> [EXERCISE DATA]
━━━━━━━━━━━━━━━━

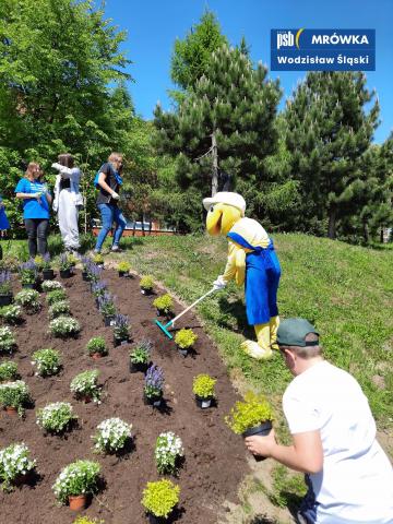 Sklep PSB Mrówka w Wodzisławiu Śląskim przeprowadził akcję "Wiosna z Mrówką". Podczas której, pracowita Mrówka wspólnie ze Szkołą Podstawową nr 3 im. Jana Pawła II, stworzyli na placu z kwiatów literę M (M jak Mrówka).
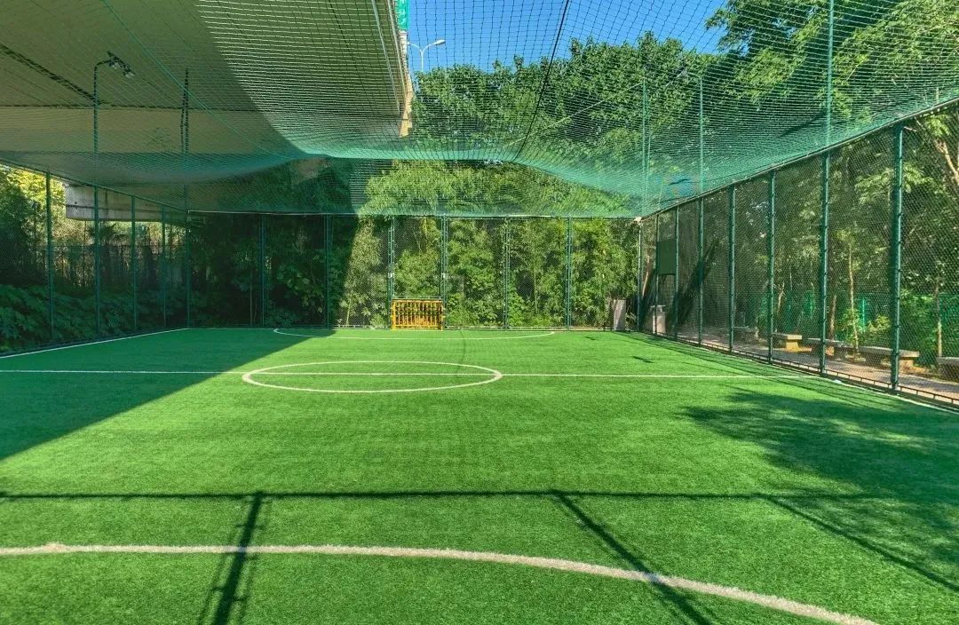 新虹桥中心花园羽毛球场改造内容主要包括旧人造草清除、羽毛球场面层铺设及新羽毛球架安装等。
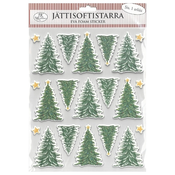Jättisoftistarrat esimerkiksi korttiaskarteluun ja muuhun koristeluun.  Isoimpien kuusien korkeus noin 7cm. Tarrojen paksuus 2mm. Pakkauksessa 1 arkki, jossa 15 kuusitarraa.
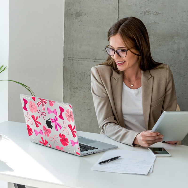 CISSOOK Compatible with MacBook Pro 14 inch 2024 2023 2022 2021 Release M4 M3 M2 M1 Chip A3112 A3185 A3401 A2918 A2992 A2779 A2442 Model, Hard Shell Case with Keyboard Cover&Screen Protector, Pink Bow
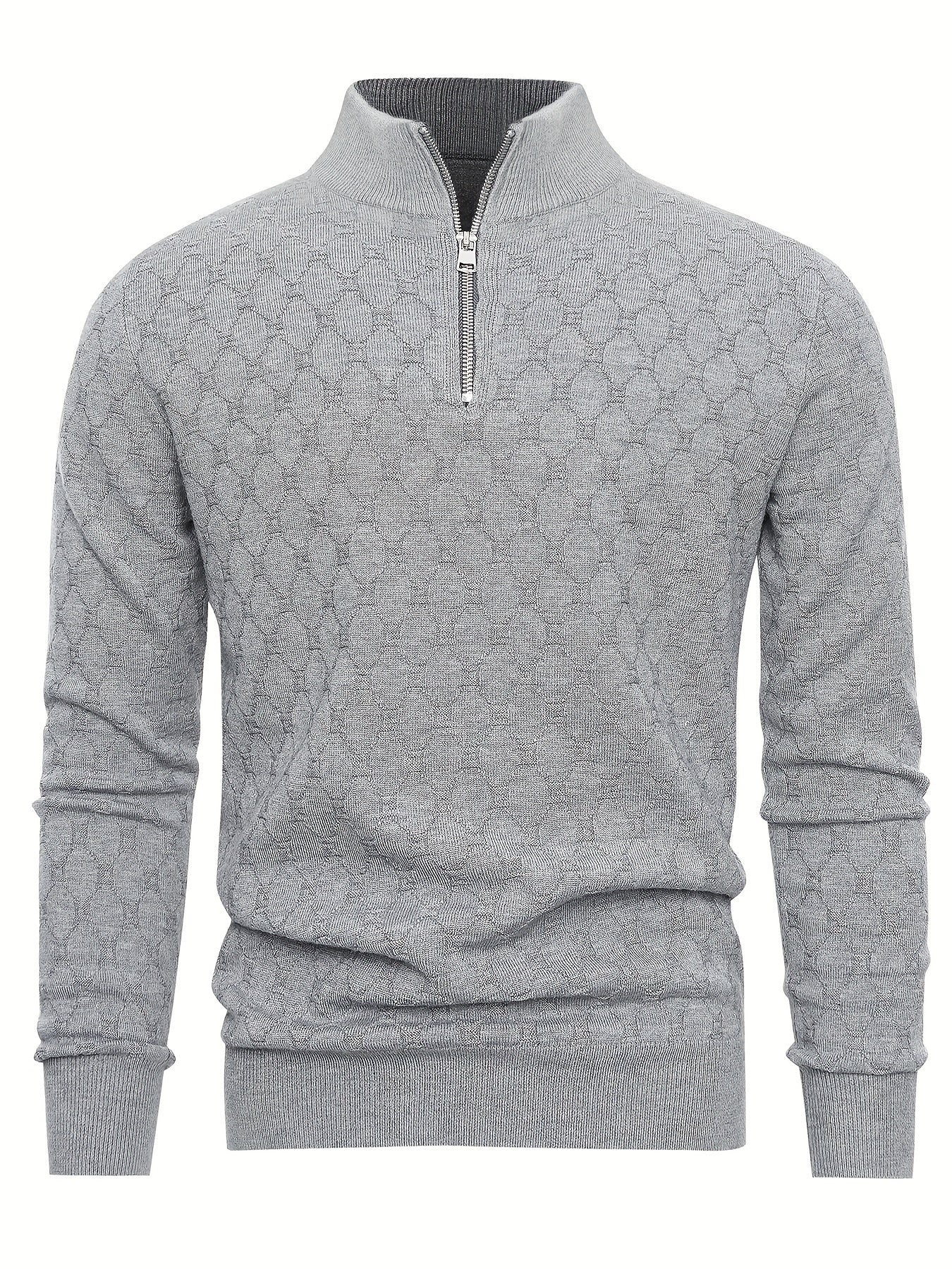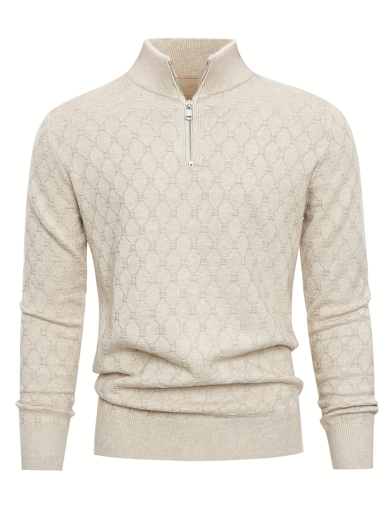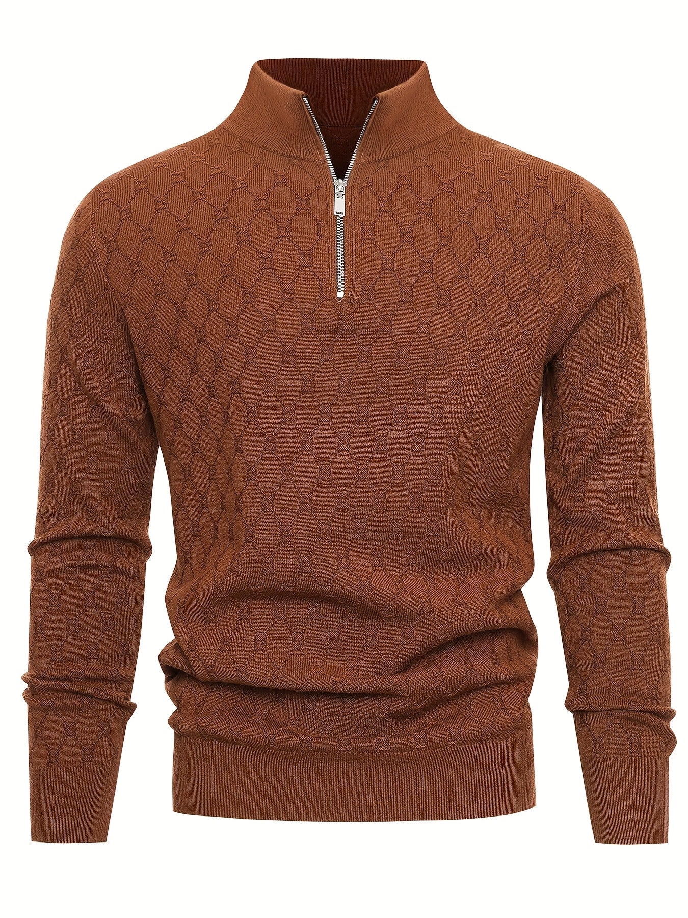 Men's Slim-Fit Half-Zip Sweater with Stand Collar - Soft Stretch Blending (Suitable for) - Half-Zip Front & Geometric Pattern - Business Casual Winter Wear - Fall Winter Wardrobe Essential - Hand Washable Long Sleeve Blazer f
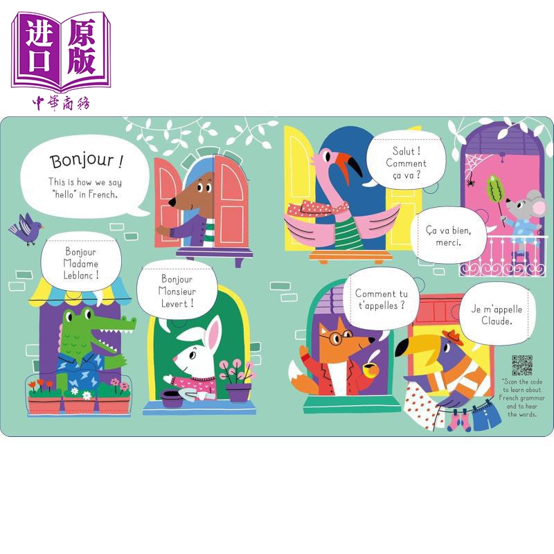 这本互动翻页书将帮助孩子们学习适用于各种场合的简单法语会话。主题包括问候和告别、情感表达以及日常习惯。配有音频链接,方便孩子们聆听正确的发音。
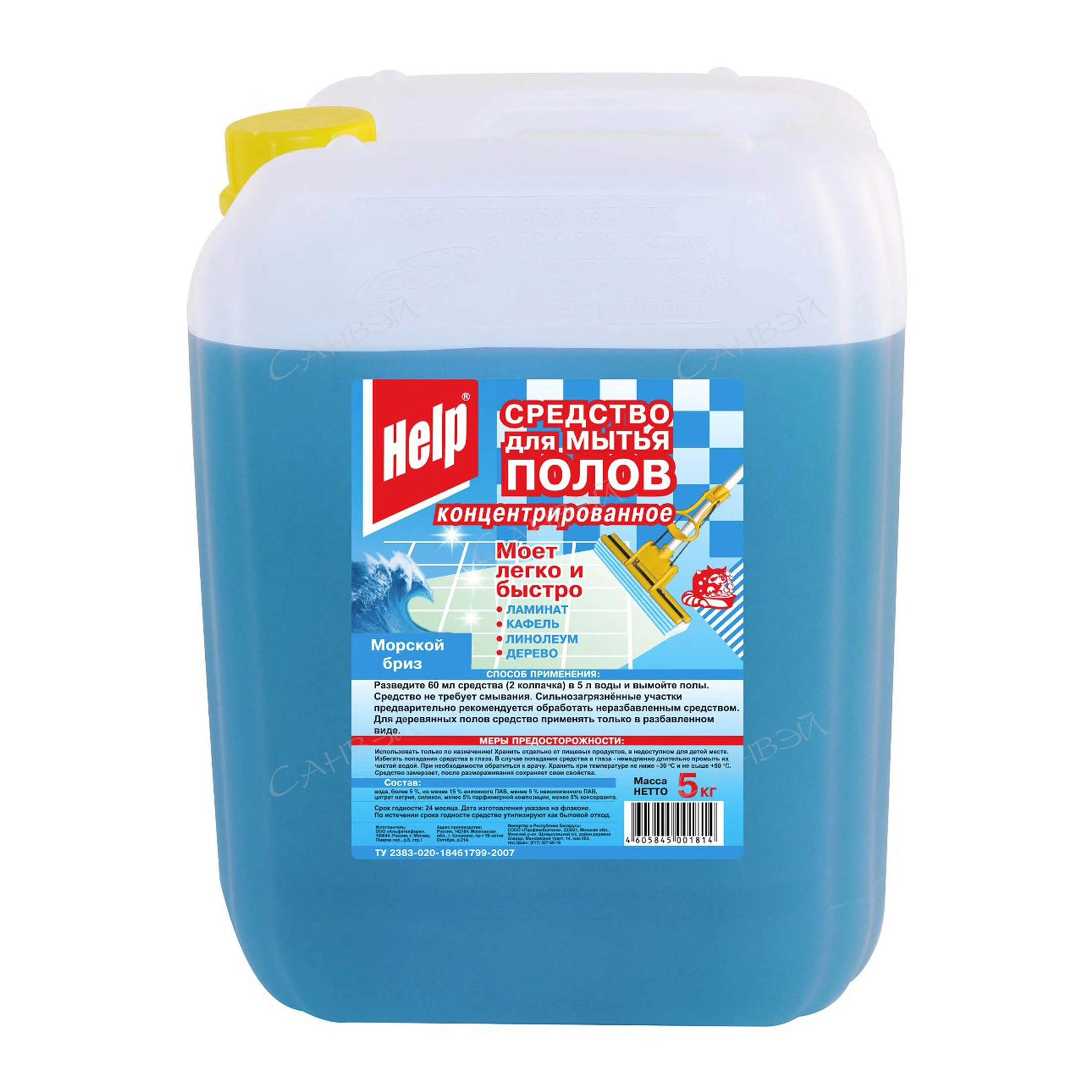 Help Концентрат для мытья полов Морской бриз 5 л предназначен для ухода за полами различного типа: паркета, ламината, линолеума, кафеля. Состав способен эффективно удалять разнообразные загрязнения, не наносит вреда поверхности, не оставляет разводов или подтеков. Не требует смывания. При использовании для мытья паркета обязательно разбавлять. Концентрированная формула обеспечивает экономичный расход.

━━━━━━━━━━━━━━━━

> [WHAT YOU NEED TO DO] Set down again, word for word, every line from the one with "Jättisoftistarrat esimerkiksi korttiaskarteluun" to the one with "这本互动翻页书将帮助孩子们学" in the entries above, and omit the pictures.

> [ANSWER BOX]
Jättisoftistarrat esimerkiksi korttiaskarteluun ja muuhun koristeluun.  Isoimpien kuusien korkeus noin 7cm. Tarrojen paksuus 2mm. Pakkauksessa 1 arkki, jossa 15 kuusitarraa.
 CISSOOK Compatible with MacBook Pro 14 inch 2024 2023 2022 2021 Release M4 M3 M2 M1 Chip A3112 A3185 A3401 A2918 A2992 A2779 A2442 Model, Hard Shell Case with Keyboard Cover&Screen Protector, Pink Bow
 Men's Slim-Fit Half-Zip Sweater with Stand Collar - Soft Stretch Blending (Suitable for) - Half-Zip Front & Geometric Pattern - Business Casual Winter Wear - Fall Winter Wardrobe Essential - Hand Washable Long Sleeve Blazer f
 这本互动翻页书将帮助孩子们学习适用于各种场合的简单法语会话。主题包括问候和告别、情感表达以及日常习惯。配有音频链接,方便孩子们聆听正确的发音。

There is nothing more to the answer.